Monthly Archives: October 2010

Behind the numbers

The Linux Foundation has released a report, which claims that the adaption of Linux is rising in enterprises. But how reliable are the numbers?

Let’s look at the report: (the PDF is downloadable on the linked site)

The Linux Foundation, in partnership with Yeoman Technology Group, recently conducted a survey of 1,948 Linux users. This invitation-only survey pool was comprised of The Linux Foundation End User
Council as well as other companies, organizations and government agencies selected by The Linux Foundation and Yeoman.

So, only 1,948 businesses and organizations were contacted. And those businesses were not randomly chosen  but  are either members of an organization that is run by the Linux Foundation or were handpicked by Yeoman. And it’s not stated, how many belong to the first group.
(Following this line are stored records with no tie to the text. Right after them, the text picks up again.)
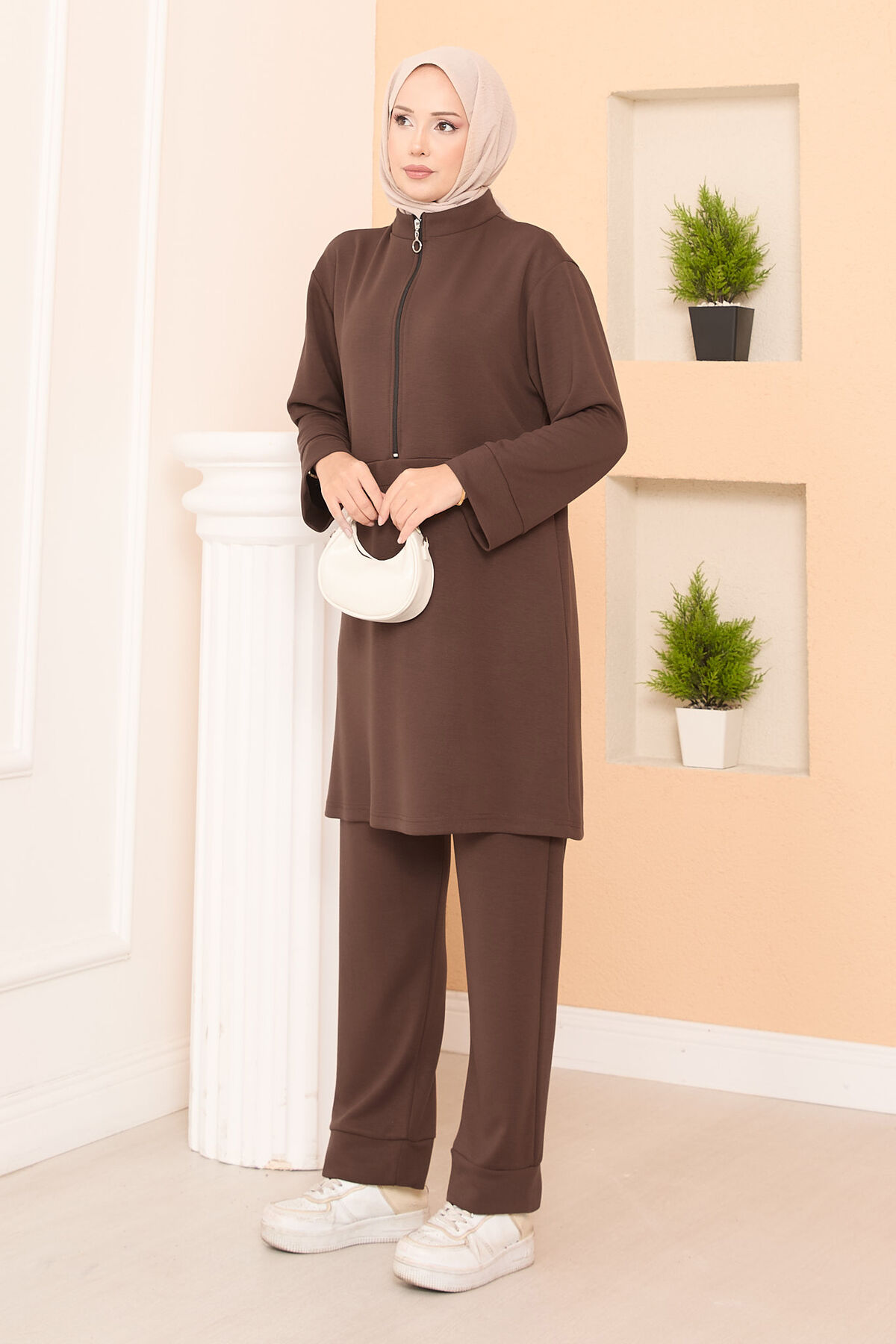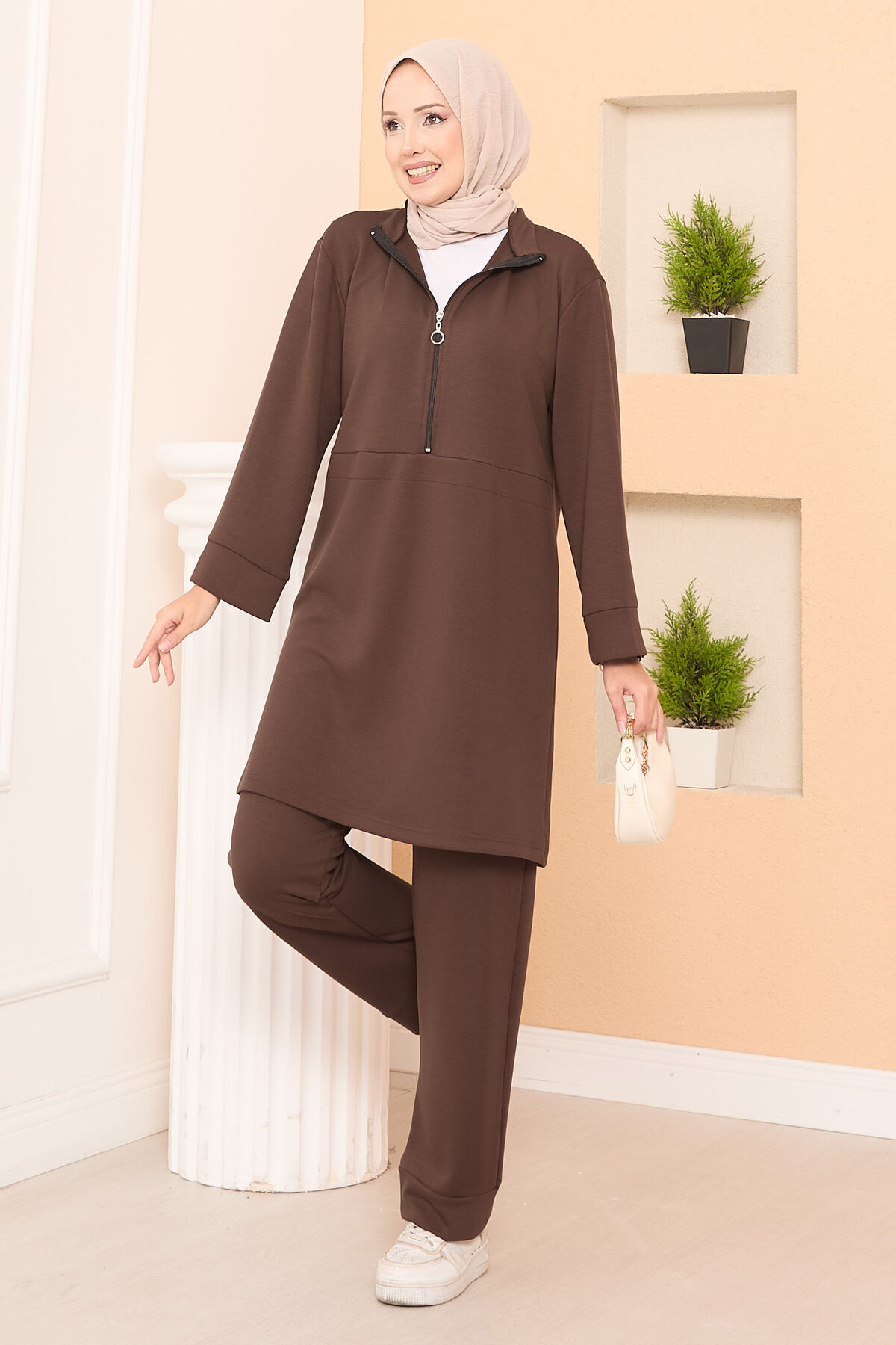 Yarım Fermuarlı İkili Oyşo Takım Kahve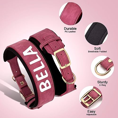 Didog Collare per cani personalizzato imbottito, collare cane personalizzato con nome grande, ampio collare in pelle per cani di taglia medio-grande, rosso L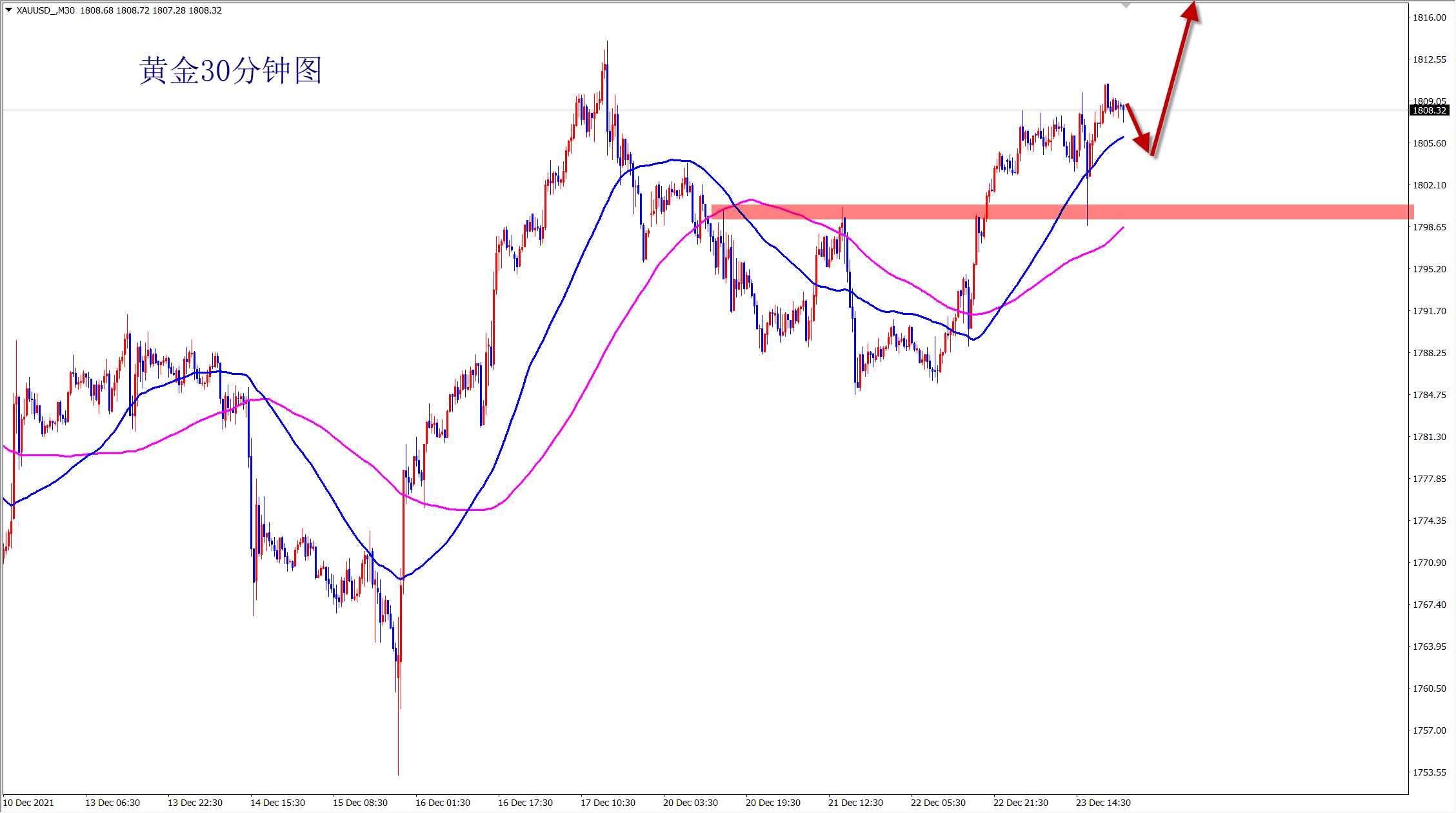 黄金当前属于上涨过程中的第二波上涨,此前1752-1814的上涨非常强势,现在从1785位置再次开启上涨, 短线还是遇阻1815前期反弹压力,但是遇阻后回调能直接再次拉起,说明多头强势,突破只是时间问题!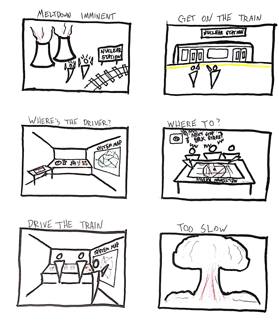 In this scenario our heroes enter a small room with nuclear warning klaxons blaring and they see a door to the nearby train station. They enter the station and board the vacant train, looking to escape from the impending nuclear disaster. A map in the first room hinted at how far they needed to go but if they didn't see it, our heroes will try to drive the train as far away as they can! A system map along with train and track controls allow the team to speed away to safety, but they must avoid the other trains on the track or meet a gory end.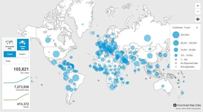 WHO cũng đã bao gồm một chế độ chỉ hiển thị các trường hợp tử vong do COVID theo khu vực và chế độ bản đồ bong bóng cho bạn thấy nhanh quy mô tương đối của các trường hợp theo quốc gia. Nếu bạn cuộn xuống từ bản đồ chính, sẽ có những bảng phân tích dữ liệu được cân nhắc kỹ lưỡng để giúp bạn hiểu những gì đang diễn ra trên phạm vi toàn cầu.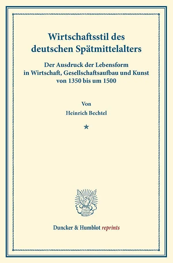 Heinrich Bechtel beschäftigt sich in seiner umfangreichen Studie mit dem Titel »Wirtschaftsstil des deutschen Spätmittelalters. Der Ausdruck der Lebensform in Wirtschaft, Gesellschaftsaufbau und Kunst von 1350 bis um 1500« aus dem Jahr 1930 mit der Wirtschafts...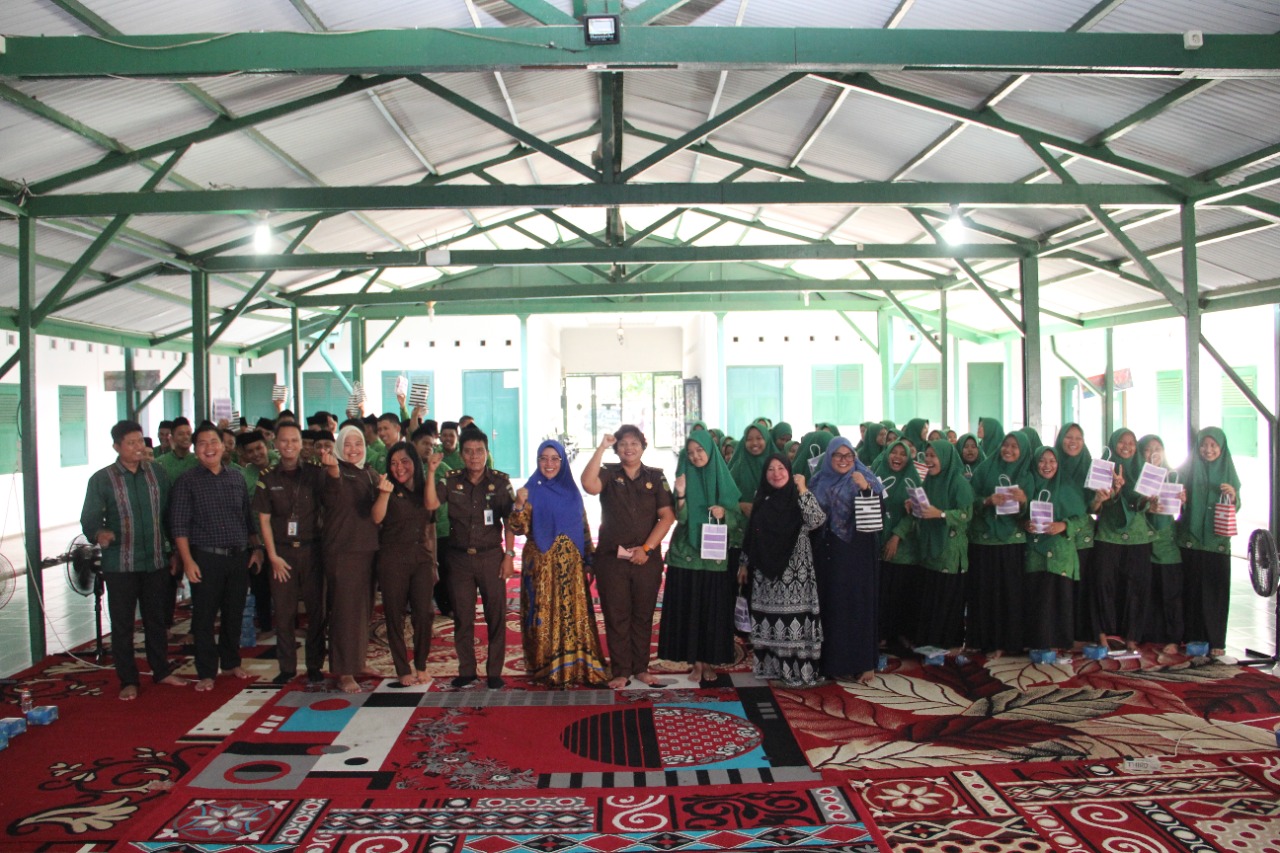Di akhir kegiatan, Ghufran beserta tim dari Penkum memberikan cenderamata kepada Eli Juliati dan berharap apa yang disampaikan bisa bermanfaat bagi santri dan santriwati.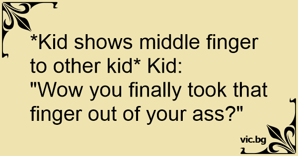 *Kid shows middle finger to other kid* Kid:
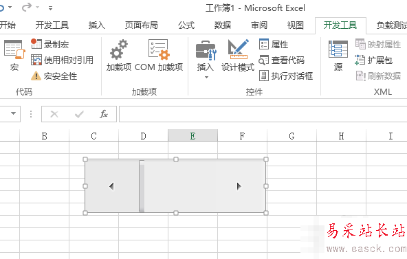 2.點擊開發工具-->插入-->滾動條(滾動條窗體控件);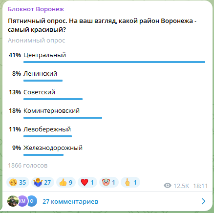 «Блокнот Воронеж» решил спросить у подписчиков в telegram-канале, какой район города они считают самым красивым. В опросе приняли участие более 12 тыс человек.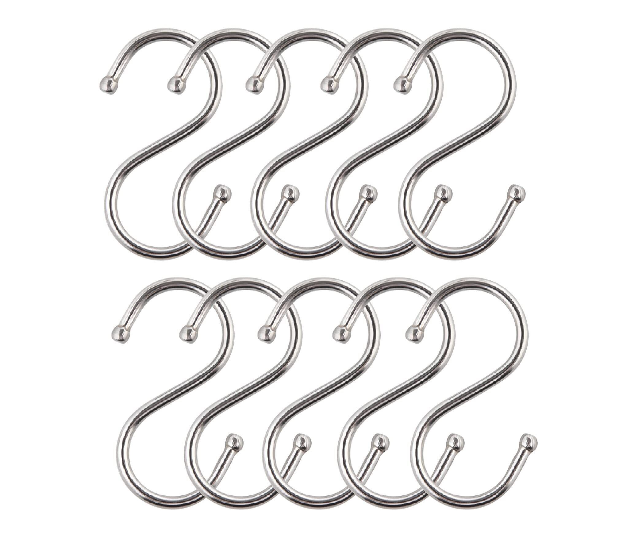 ステンレス材質のSフックです。キッチンやインテリア、様々な場所で使いやすいSフックです。ワイヤーネットやつっぱり棒などSフックを使って様々な収納ができます。サビにくいので屋外でも使用できます。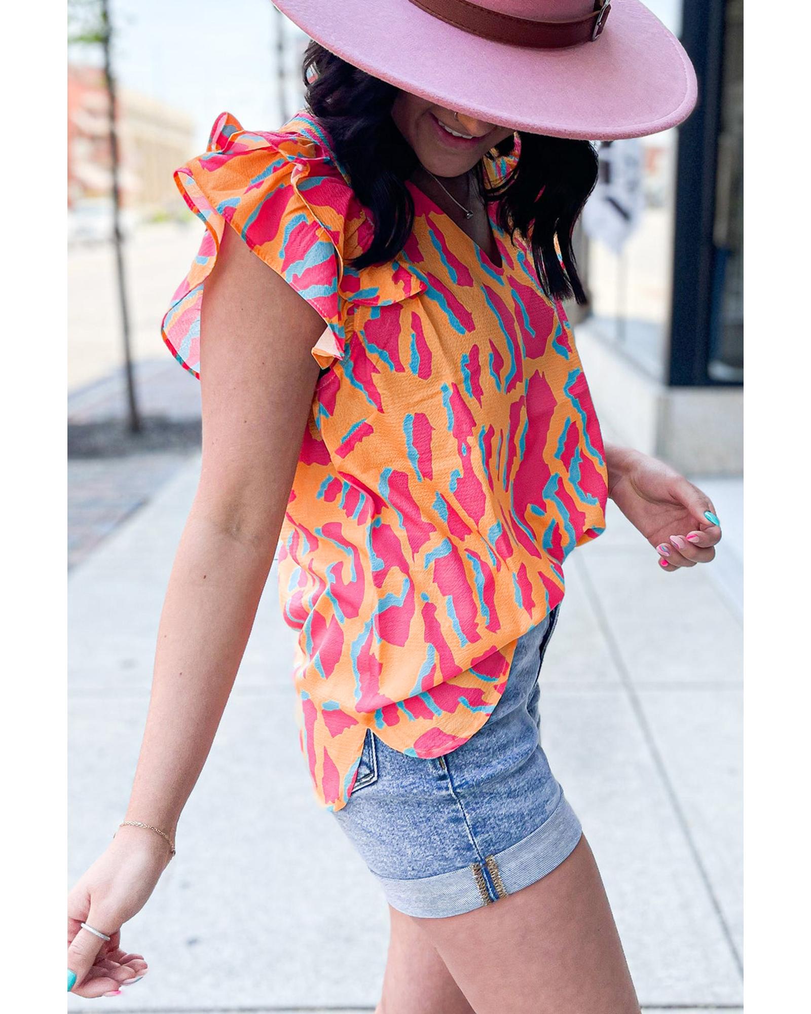 Orange Abstract Print V Neck Ruffled Sleeve Blouse – L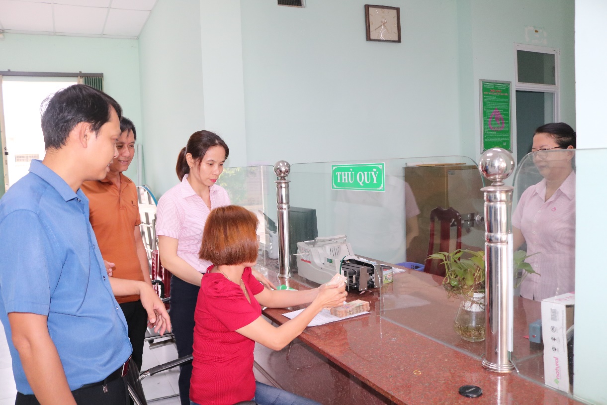 Khách hành vay vốn nhận tiền dưới sự chứng kiến của lãnh đạo Phòng Giao dịch Ngân hàng Chính sách xã hội Tư Nghĩa, Hội Nông dân xã và Tổ trưởng tổ vay vốn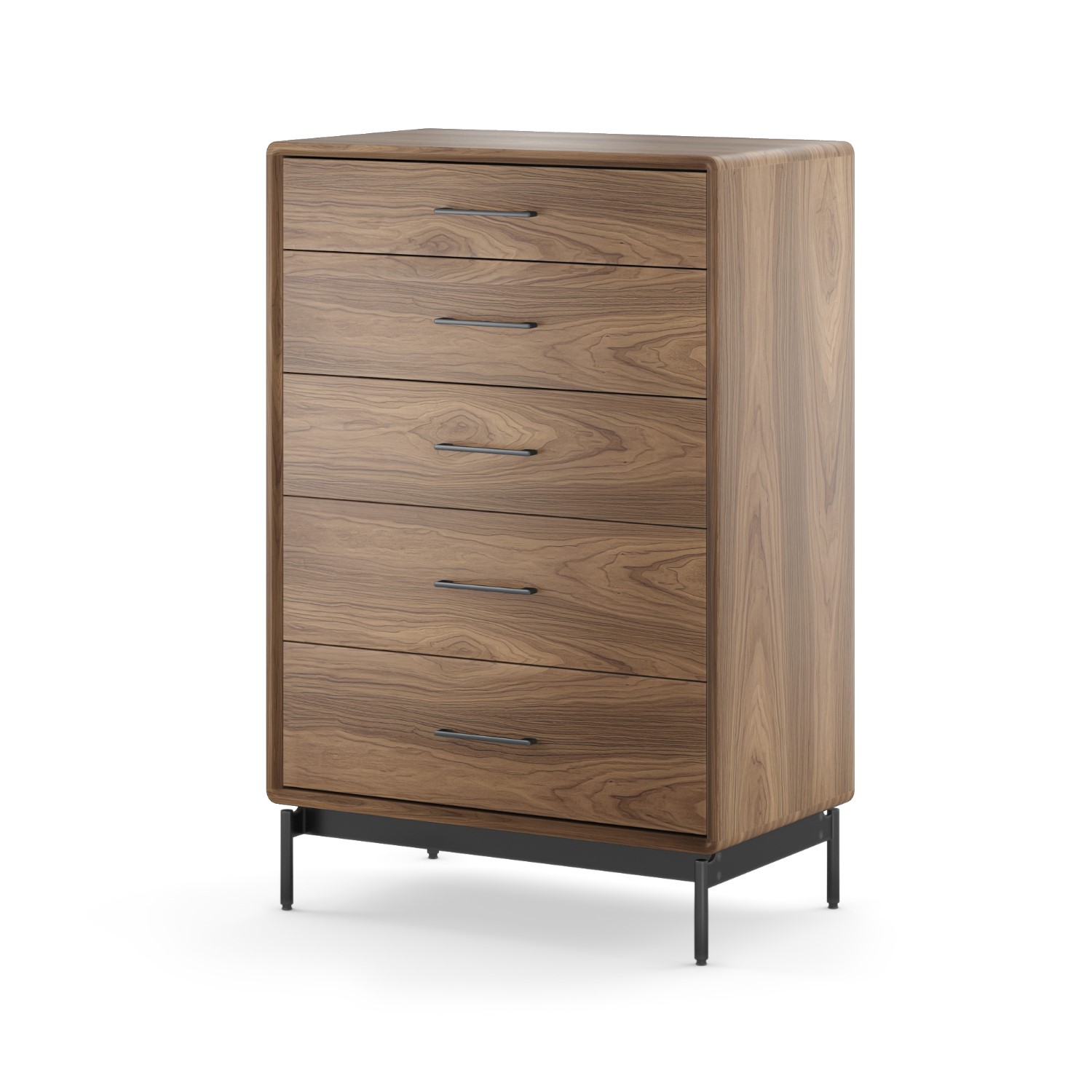 Designed by Matthew Weatherly for BDI, the Linq 5-Drawer Dresser is elegant, spacious, and engineered with functionality and safety as top priorities. Linq's walnut veneer and rounded corners evoke mid-century modern design, while black steel legs with adjustable levelers help it stand securely on any floor. A state-of-the-art interlocking mechanism allows only one drawer to be pulled out at a time -- protecting young children from furniture tip-over. Each drawer closes softly with a gentle push, while wall anchor safety straps provide an extra measure of security. As an added bonus, Linq comes with wire management wraps on the back to help fight cord clutter. With its minimalist profile and thoughtful design, the Linq 5-Drawer Dresser pairs seamlessly with other items in the Linq collection for a beautifully streamlined home.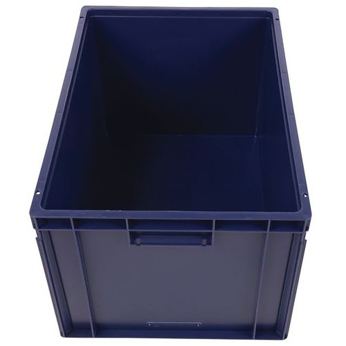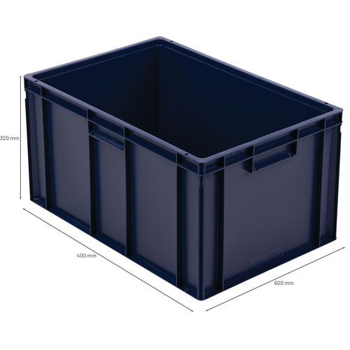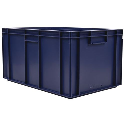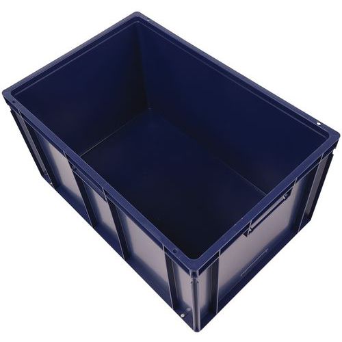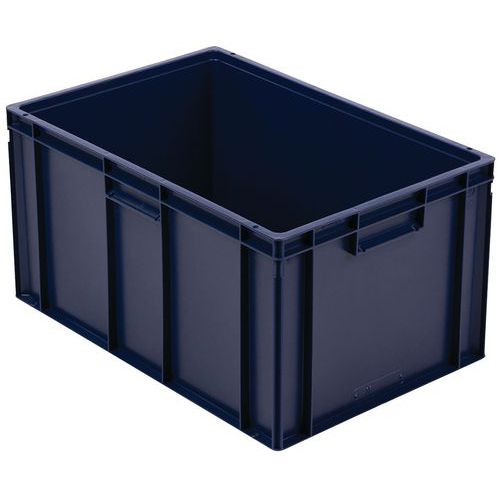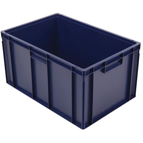 Rakásolható polipropilén szállítórekeszek tömör fenékkel és oldalfalakkal, kompatibilis az EUR-raklappal. Zárt fogantyú a könnyű kezelésért. Nagyfokú stabilitás rakásolhatóságnál. Ellenáll az olajoknak, zsíroknak és számos vegyszertípusnak. Alkalmas különböző környezetbe és éghajlati viszonyok közé (például élelmiszeripar).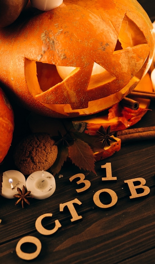 Большая тыква фонарики на праздник Хэллоуин Обои для рабочего стола 600x1024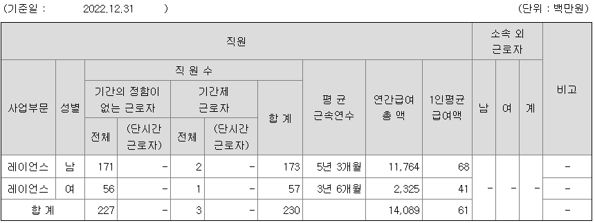 미등기임원의 평균연봉은 1억 2000만원이고 직원수는 2명입니다.

So, it’s biased from the get-go.

This paper reports on the findings of that survey, with a focus on the 387 respondents who represent the largest enterprise companies and government agencies, identified as organizations with $500 million or more a year in revenues or greater than 500 employees. The results tell us
where Linux is growing and why, as well as where opportunities exist and challenges remain.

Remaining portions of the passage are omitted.